4.4.2 Oplossingen voor de verschillen in sociale zekerheid

In paragraaf 2.4.2 zijn de verschillen tussen werknemers en zzp’ers op het gebied van de sociale zekerheid uiteengezet. In deze paragraaf wordt een oplossing besproken die deze verschillen kan verkleinen. Deze verschillen dragen bij aan de verstoringen van de arbeidsmarkt, daar dit invloed heeft op de loonkosten. Voorts kan gesteld worden dat zzp’ers onvoldoende reserveringen treffen voor de oude dag, dan wel voor inkomensverlies. Het is derhalve wenselijk deze verschillen te verkleinen.

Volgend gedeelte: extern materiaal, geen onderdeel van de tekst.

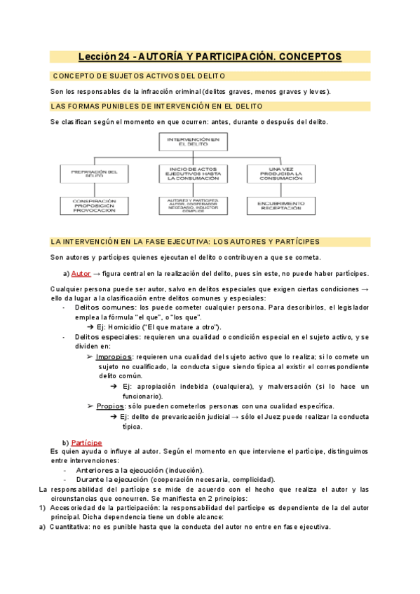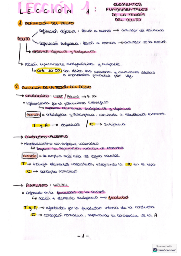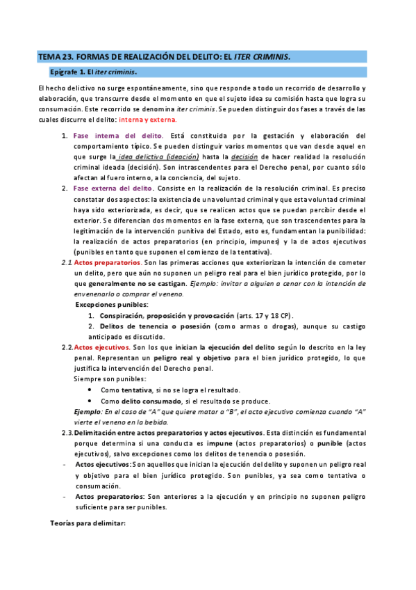 Esquemas de las lecciones 1 a la 6 de la Teoría del Delito

Werger (2014, pp. 2-3) biedt in dat kader een aansprekende oplossing voor zowel het risico op inkomensverlies als voor de pensioenopbouw. Hij stelt voor de huidige werknemersverzekeringen om te vormen tot een soort volksverzekering, die alle werkenden, ongeacht arbeidsrelatie, dekking biedt tegen inkomensverlies. Het betreft een verplichte verzekering. Werger stelt namelijk dat een groot gedeelte van de werkenden geen toereikend inkomen heeft om dergelijke voorzieningen zelfstandig te treffen. Gesteld kan worden dat deze opmerking in het kader van zzp’ers in ieder geval juist is. In hoofdstuk twee is immers betoogd dat slechts de helft van de zzp’ers een pensioenvoorziening opbouwt en nog minder zzp’ers zichzelf verzekeren tegen inkomensverlies. Deze ‘volksverzekering’ wordt door middel van premieheffing gefinancierd, waarbij ingeval van zzp’ers een systematiek voorstelbaar is waarin de premiebetaling afgewenteld wordt op de werkgever. Dat wil zeggen dat de premie in het uurtarief verwerkt wordt. Een dergelijke systematiek zorgt voor meer gelijkheid tussen werknemers en zzp’ers.

Ten aanzien van de pensioenopbouw stelt Werger voor de huidige pensioenregelingen samen te voegen tot één grote pensioenfaciliteit op grond waarvan elke belastingplichtige een geblokkeerde pensioenrekening heeft. In wezen gaat het om het samenvoegen van de faciliteiten in de tweede en derde pijler, en de FOR. Het bij de hervorming betrekken van de FOR, is positief te noemen.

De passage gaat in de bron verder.